The new Fed Chair can be a climate player internationally as well. Chair Yellen could attend the next United Nations Climate Conference in Lima, Peru, in December 2014. The Chair of the Federal Reserve would be an unusual stakeholder at a UN climate conference. Talks about an international climate treaty are normally led by a delegation of State Department negotiators, not by the Fed. Yet with each passing year since the United Nations Framework Convention on Climate Change (UNFCCC) process began 20 years ago, carbon emissions have increased, recently passing 400 parts per million in the atmosphere. Meanwhile, government representatives at the UN conferences have focused on "managing expectations" (downward), refusing to take financial responsibility for historical emissions, and claiming helplessness given a weak economy and a divided or hostile Congress. The best the UN process has accomplished thus far was the 1997 Kyoto Protocol, which mostly served as a placeholder until something better could be put in place. The 2008 Copenhagen conference failed to follow up.

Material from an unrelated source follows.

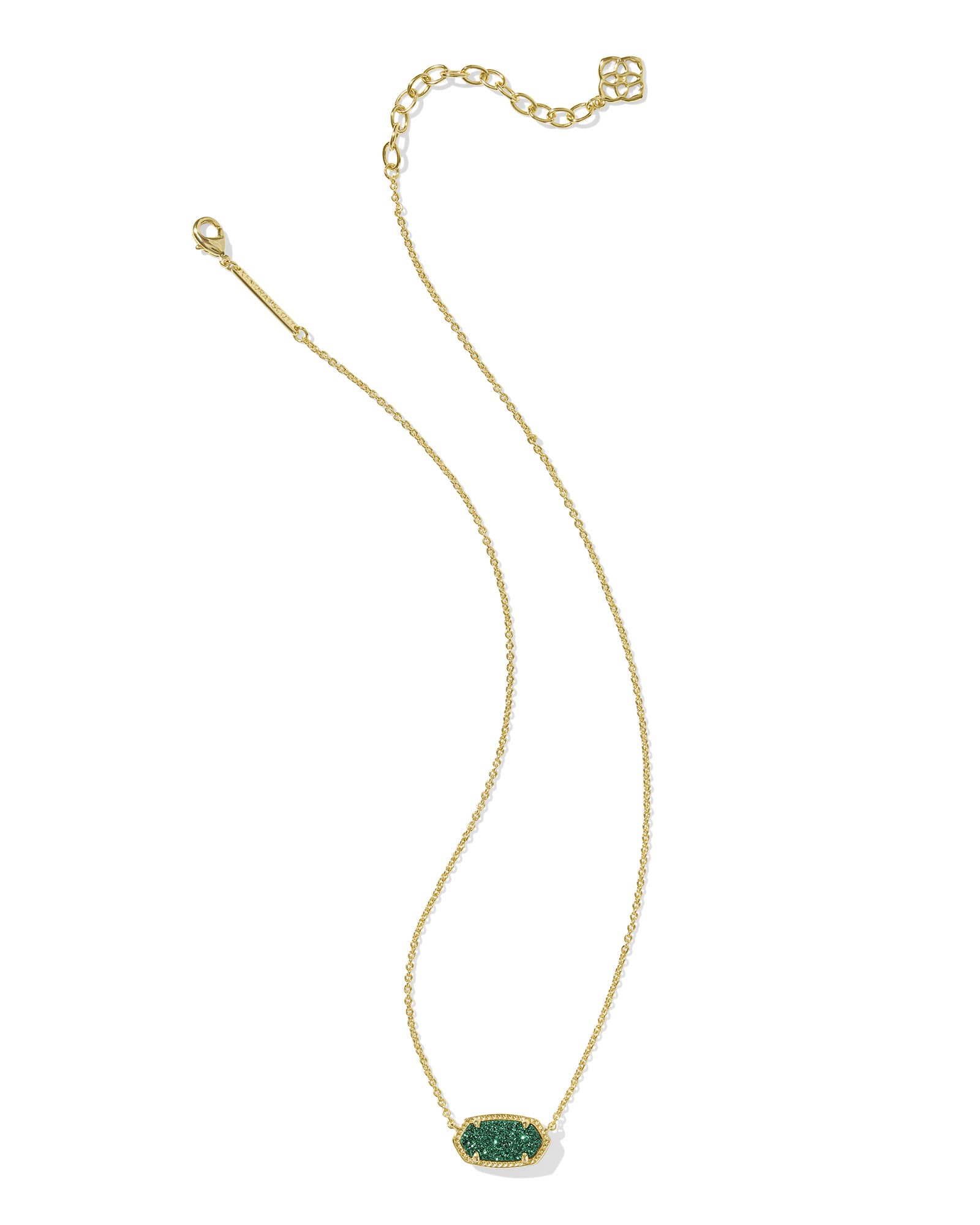 Elisa Gold Short Pendant Necklace in Emerald Drusy

Now delegates are looking for a savior to materialize before a pivotal UN Climate Conference in Paris scheduled for December 2015. Given his reluctance to take an ambitious climate treaty to Congress, it is doubtful that President Obama will be that savior. Something has to change.

The Chair of the Federal Reserve is in a unique place to change the dynamic of the climate change issue. As a central banker, she can act unilaterally without congressional approval. For example, the UN proposal for a Green Citizen’s Bank, which is meant to provide $100 billion to assist countries impacted by climate change, could quickly become a reality with leadership from Chair Yellen and her global peers. It would shock the climate delegates accustomed to gridlock and indecision to see a decision maker with the Fed’s resources at a UN climate conference.

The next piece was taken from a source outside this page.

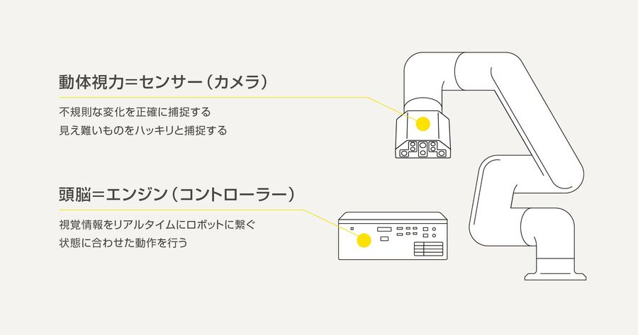 ロボットビジョンシステムはセンサー(カメラ)とエンジン(コントローラー)で構成され、ロボットアームに動体視力と頭脳の機能を付与することで、ロボットアームの高速・柔軟な動作を実現します。ニコンがカメラ製品の開発で培った高速画像処理により、瞬時にワークの状況を判断して動作することができ、生産現場において「ビジョントラッキング」や「ばら積みピッキング」といったアプリケーションを提供しています。

Yellen can arrive in Peru with a policy package consisting of:

  1. Proposing that the U.S. citizen’s dividend be expanded globally, perhaps following the Cap & Share model
  2. Setting a global cap on high-carbon economic growth by regulating the type of bank loans mentioned above
  3. An agreement among the world’s central bankers to begin implementing Contraction & Convergence toward per capita equity in greenhouse gas emissions. The Contraction & Convergence framework would provide for an equitable distribution of the world’s remaining carbon budget.

The Federal Reserve, now in its 100th year, faces more scrutiny and criticism than ever before. Some of that criticism is well-deserved. The Fed has lacked transparency to the public and usually makes policy that benefits Wall Street and the moneyed elite. Janet Yellen is a veteran in the Federal Reserve System, including most recently serving under Bernanke as Vice Chair. Yet she also represents a new era as the first female U.S. central banker. Janet Yellen will have unique powers over economic policy, and she can use her new powers to save the planet. To do so, she will need to add one more item to her 2014 to-do list.

Mike Sandler

Mike Sandler is a climate change and sustainability professional with experience working for nonprofits and government. In 2001 Mike co-founded the Center for Climate Protection based in Sonoma County, California. Non-profits he worked at include Community Clean Water Institute, California Interfaith Power & Light. He assisted local governments in reducing greenhouse gas emissions while at the Sonoma County Regional Climate Protection Authority. Inspired by Peter Barnes and Richard Douthwaite, he spent several years advocating for revenues in the carbon market mechanisms of California’s Global Warming Solutions Act to be returned back to the public as a per capita dividend or share. He has also written on green monetary reform and basic income. Some of his work on carbon pricing may be found at www.carbonshare.org.